The talk lasted, according to Colonel Woolrych, “a couple of hours,” after which batmen served drinks. George recalled that “the atmosphere was informal and friendly. . . . I was bombarded with questions right and left.” He did not notice that one officer, Captain F. Lofts, left early. Lofts explained, “After the talk, I was disgusted by the incident with regard to the woman. This was what made me leave the mess. I felt I wanted to hear no more.” When the evening drew to a close at eleven o’clock, Major Follis showed George to his room.
In the morning, George met Colonel Woolrych and some of the staff for breakfast in the officers’ mess. Woolrych was “very cordial” and asked George’s opinion of the training at Beaulieu, especially which courses had helped him most in the field. Although Normandy, Paris, and the south of Fra
nce had been liberated, SOE was still sending agents to unliberated areas of the Continent. Feedback from an experienced operative like George was invaluable.
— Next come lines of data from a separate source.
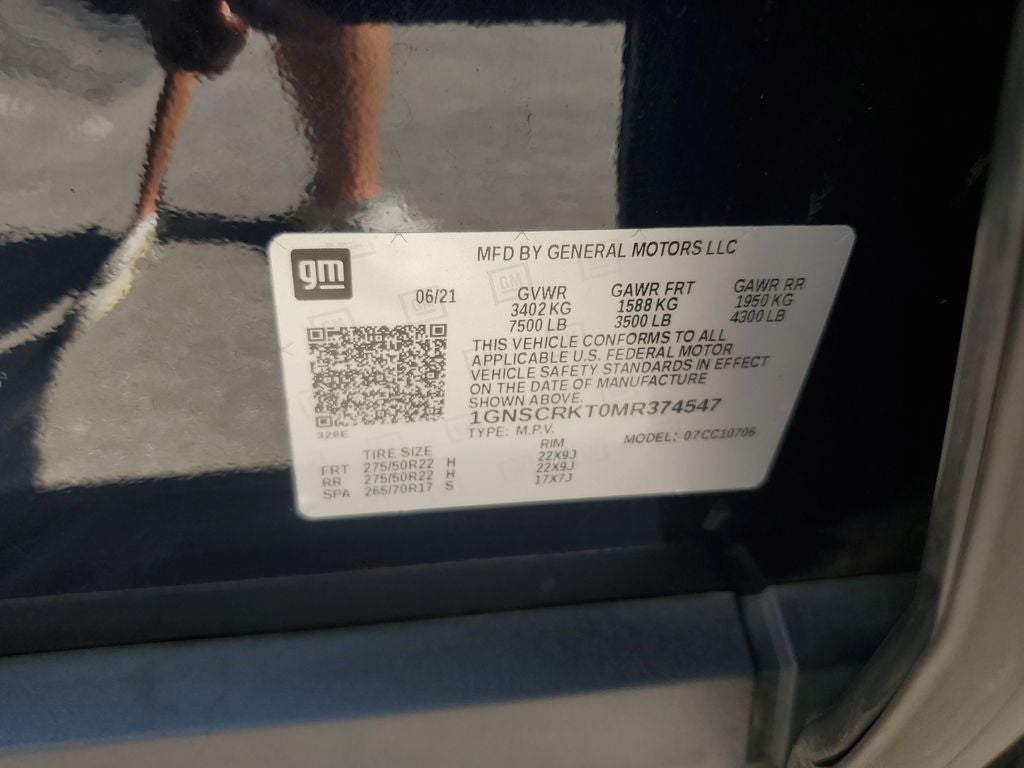 Preferred Equipment Group 1SP: Bright Front and Rear Door Sill Plates; Hands-Free Rear Power Programmable Liftgate; Perforated Leather Seat Trim; 1st and 2nd Row Color-Keyed Carpeted Floor Mats; Remote Start; Floor Console with Storage Area; Chevrolet Infotainment 3 Plus System Radio; HD Radio; SiriusXM Radio with 360L; Leather-Wrapped Steering Wheel; 22" X 9" Bright Machined Wheels; LED Daytime Running Lamps; Infotainment Display; Driver and Front Outboard Passenger Airbags; Auto-Dimming Inside Rearview Mirror; Memory Settings For Driver; Front High-Back Reclining Bucket Seats; 2 USB Data Ports; 275/50R22SL AS BW Tires; Universal Home Remote; Color-Keyed Carpeting Floor Covering. **Equipment listed is based on original vehicle build and subject to change. Please confirm the accuracy of the included equipment by calling the dealer prior to purchase.**
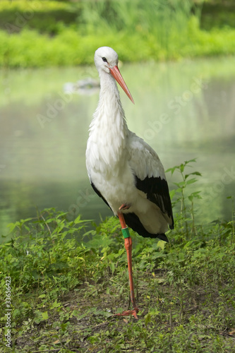 White Stork on the background of the reservoir
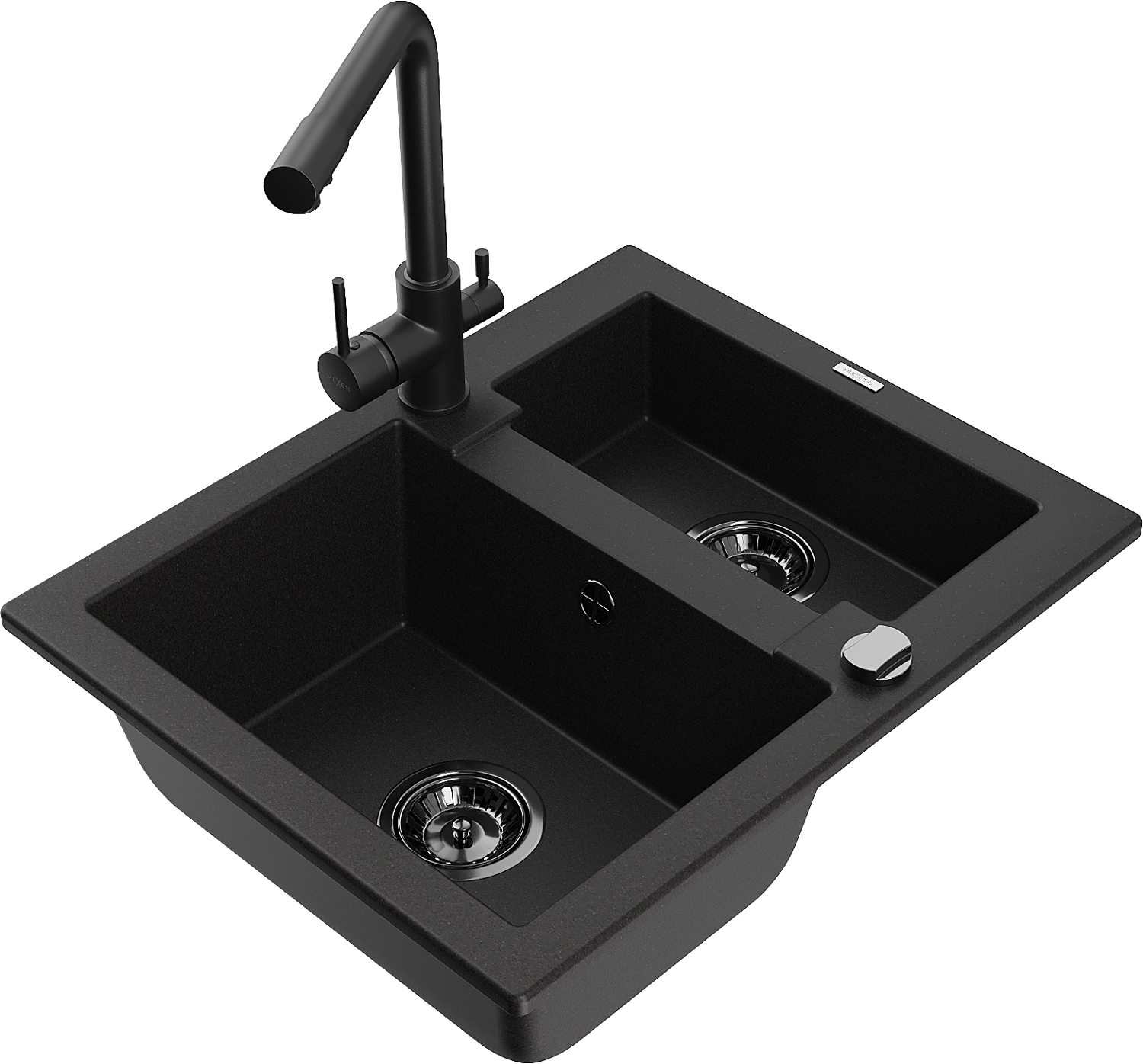 Mexen Carlos granite sink 1.5-bowl with Duero kitchen tap, black - 6518-77-671600-70-B

After breakfast, they went to Major Follis’s office, where Woolrych, Follis, and Major H. S. Hunt “were very friendly and said they would be very pleased to see me any time I liked to go down.” At nine thirty, a car took George to London.
After George’s departure, Beaulieu was anything but friendly to him. “As a consequence of this talk,” Captain F. W. Rhodes said, “I went to see Major Hunt, then assistant chief instructor, and told him I felt Colonel Starr’s actions were despicable in so far as the torturing was concerned.” Rhodes was not alone. Captain Lofts said, “On the following afternoon at 1830 hours, I saw Colonel Woolrych and Major Hunt in the lounge. I expressed the opinion I held—this was one of disgust at the story of the woman in particular. . . . I think I said to Colonel Woolrych that I thought it was a horrible story and such a story would never bear exposure.” Lofts said that he and other officers discussed the tale for days. But, he said, “a few days after the talk Maj. Hunt . . . instructed us that the Commanding Officer Colonel Woolrych did not want the matter to be the subject of further discussion.”
Colonel Woolrych, urged by his staff, referred George’s speech to higher authority. “Two days later I wrote a report, dated 1 November,” Woolrych stated, “addressed to Air Commodore [Archibald “Archie” Robert] Boyle [head of SOE Intelligence and Security Directorate], with reference to what Colonel Starr had said.” Woolrych continued:
In it I said we were all impressed by the fact that Colonel Starr had done a magnificent job in the field for which he deserved every possible credit, but that his mission did appear to have been tainted by a streak of sadism in view of what he had told us. I narrated the incident about the Gestapo man and woman and said that it had caused a certain consternation among some of my officers, two of whom had approached me in the matter.